EXERCISE MATERIAL
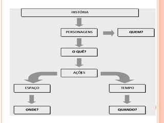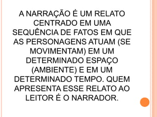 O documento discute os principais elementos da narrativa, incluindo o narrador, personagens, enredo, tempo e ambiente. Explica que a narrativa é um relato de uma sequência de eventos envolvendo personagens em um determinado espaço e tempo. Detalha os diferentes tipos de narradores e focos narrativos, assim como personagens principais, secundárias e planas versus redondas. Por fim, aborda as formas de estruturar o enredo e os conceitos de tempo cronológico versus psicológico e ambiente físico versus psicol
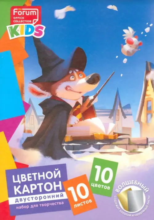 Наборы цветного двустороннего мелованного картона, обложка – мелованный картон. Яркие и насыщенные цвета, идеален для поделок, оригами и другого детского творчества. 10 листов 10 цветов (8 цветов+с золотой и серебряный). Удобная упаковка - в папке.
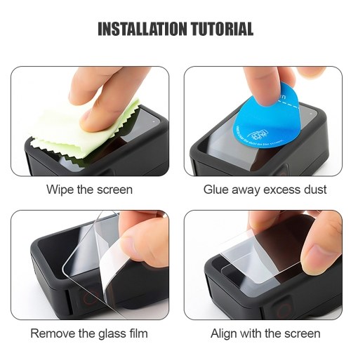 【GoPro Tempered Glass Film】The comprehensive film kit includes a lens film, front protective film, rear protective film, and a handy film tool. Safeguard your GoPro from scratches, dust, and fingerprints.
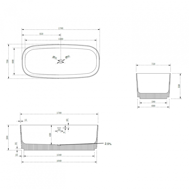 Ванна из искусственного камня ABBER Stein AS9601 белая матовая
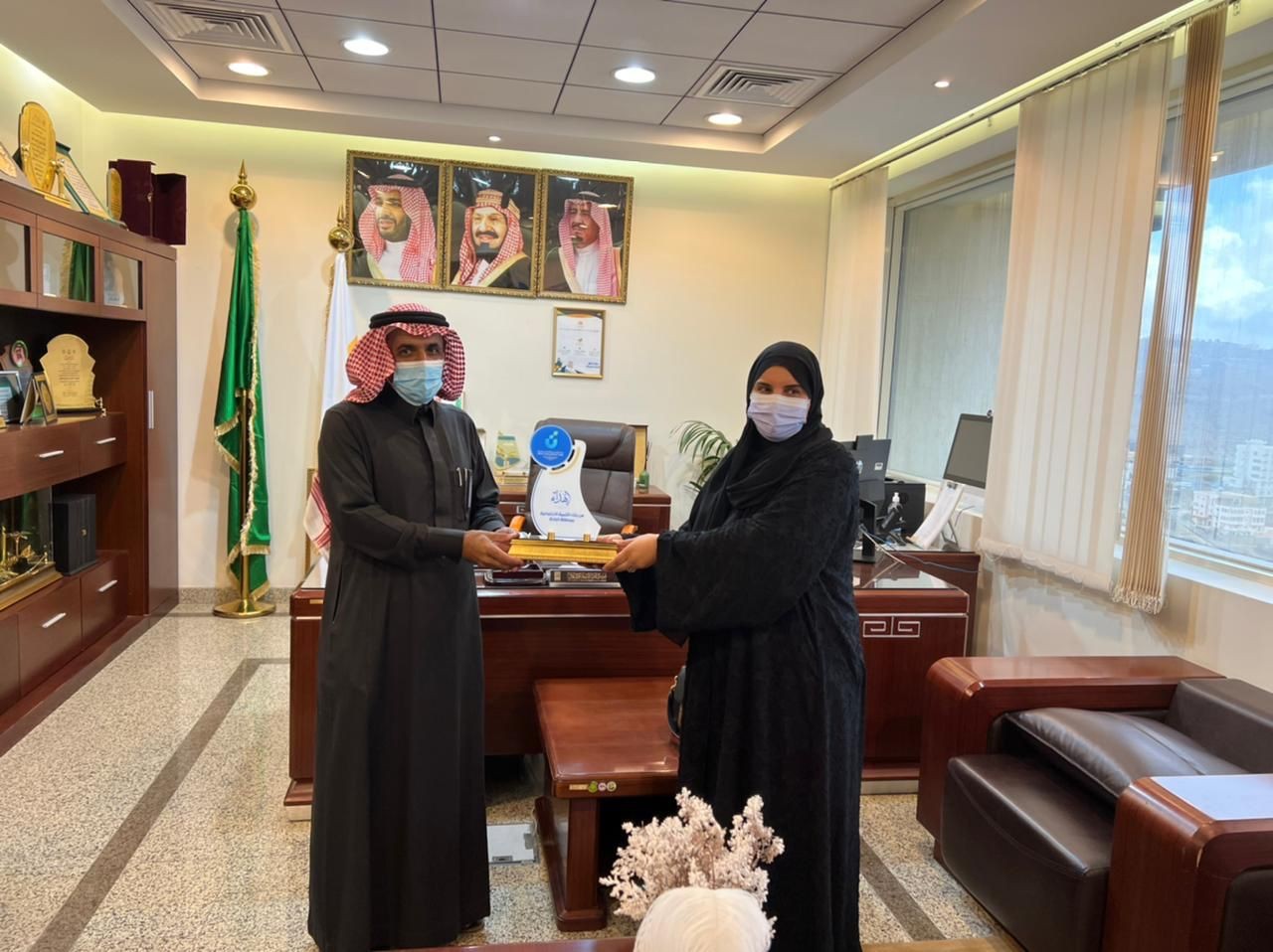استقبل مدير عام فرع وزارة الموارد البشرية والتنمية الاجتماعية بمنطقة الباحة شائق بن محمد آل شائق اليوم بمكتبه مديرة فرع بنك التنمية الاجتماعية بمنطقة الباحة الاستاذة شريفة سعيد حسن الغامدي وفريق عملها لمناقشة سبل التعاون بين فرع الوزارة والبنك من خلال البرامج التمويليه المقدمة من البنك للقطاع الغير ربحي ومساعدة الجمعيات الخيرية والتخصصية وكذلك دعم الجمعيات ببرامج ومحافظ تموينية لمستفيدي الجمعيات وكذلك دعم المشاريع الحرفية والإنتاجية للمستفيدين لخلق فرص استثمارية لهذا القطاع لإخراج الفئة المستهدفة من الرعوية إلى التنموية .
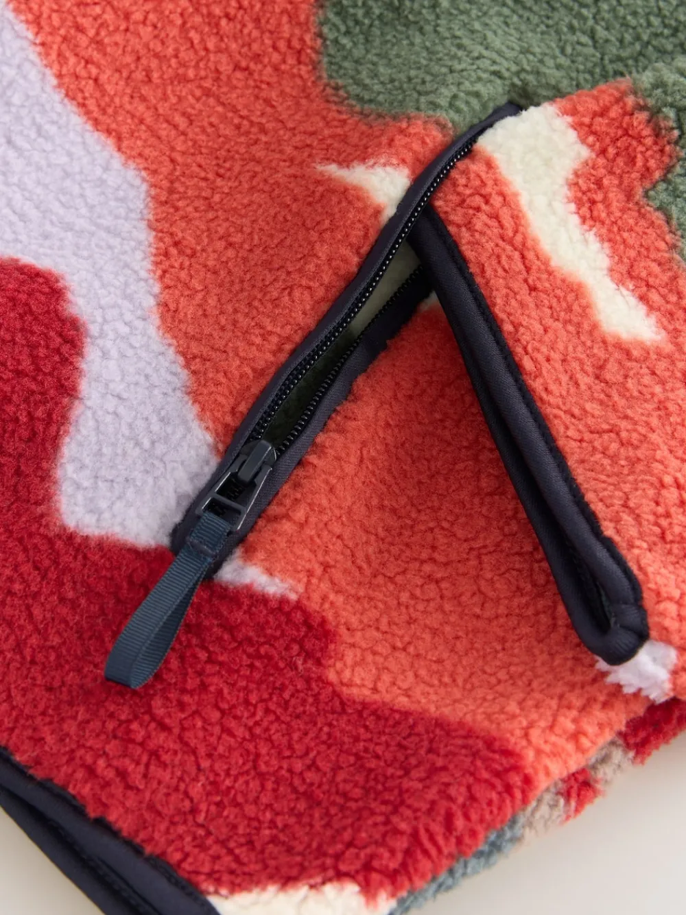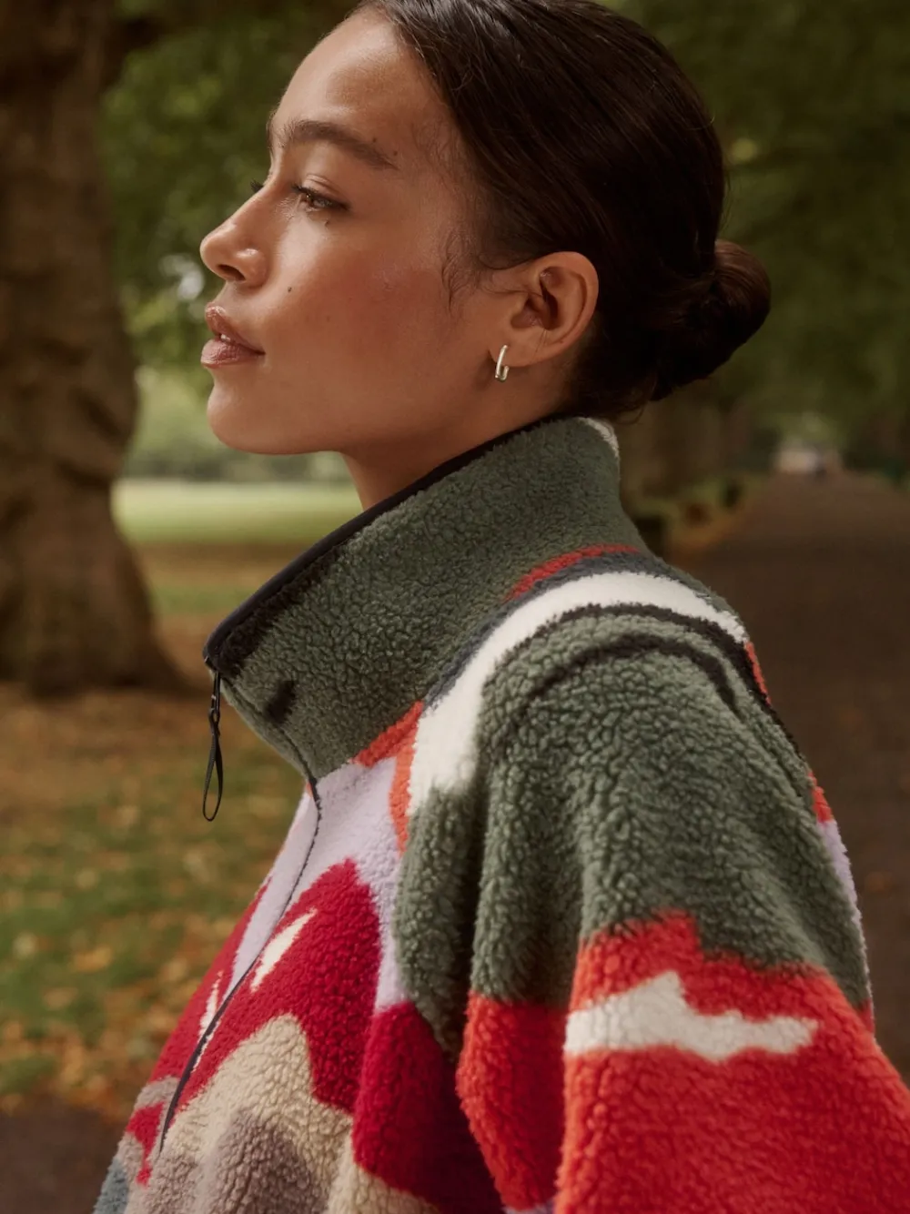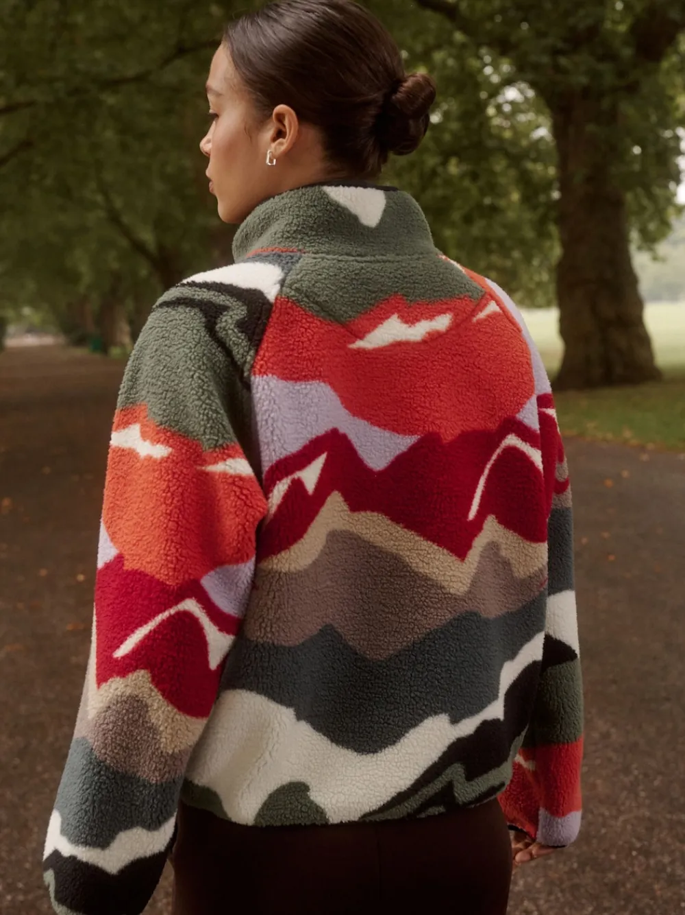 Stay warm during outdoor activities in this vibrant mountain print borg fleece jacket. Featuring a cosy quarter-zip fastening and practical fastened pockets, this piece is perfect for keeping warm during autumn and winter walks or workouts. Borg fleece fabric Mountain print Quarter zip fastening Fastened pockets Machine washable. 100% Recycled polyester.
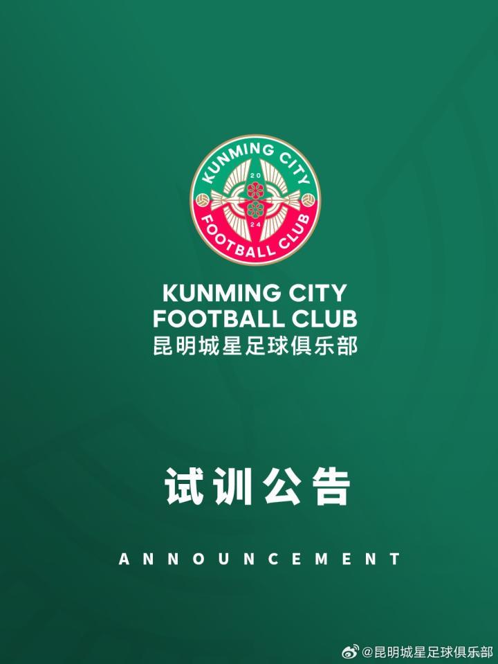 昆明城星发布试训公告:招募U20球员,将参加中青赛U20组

TASK OBJECTIVE
In your copy, include no pictures and only the lines from the line with "استقبل مدير عام" through the final line of the listing above, reproduced exactly.

EXPECTED ANSWER
استقبل مدير عام فرع وزارة الموارد البشرية والتنمية الاجتماعية بمنطقة الباحة شائق بن محمد آل شائق اليوم بمكتبه مديرة فرع بنك التنمية الاجتماعية بمنطقة الباحة الاستاذة شريفة سعيد حسن الغامدي وفريق عملها لمناقشة سبل التعاون بين فرع الوزارة والبنك من خلال البرامج التمويليه المقدمة من البنك للقطاع الغير ربحي ومساعدة الجمعيات الخيرية والتخصصية وكذلك دعم الجمعيات ببرامج ومحافظ تموينية لمستفيدي الجمعيات وكذلك دعم المشاريع الحرفية والإنتاجية للمستفيدين لخلق فرص استثمارية لهذا القطاع لإخراج الفئة المستهدفة من الرعوية إلى التنموية .
 Stay warm during outdoor activities in this vibrant mountain print borg fleece jacket. Featuring a cosy quarter-zip fastening and practical fastened pockets, this piece is perfect for keeping warm during autumn and winter walks or workouts. Borg fleece fabric Mountain print Quarter zip fastening Fastened pockets Machine washable. 100% Recycled polyester.
 昆明城星发布试训公告:招募U20球员,将参加中青赛U20组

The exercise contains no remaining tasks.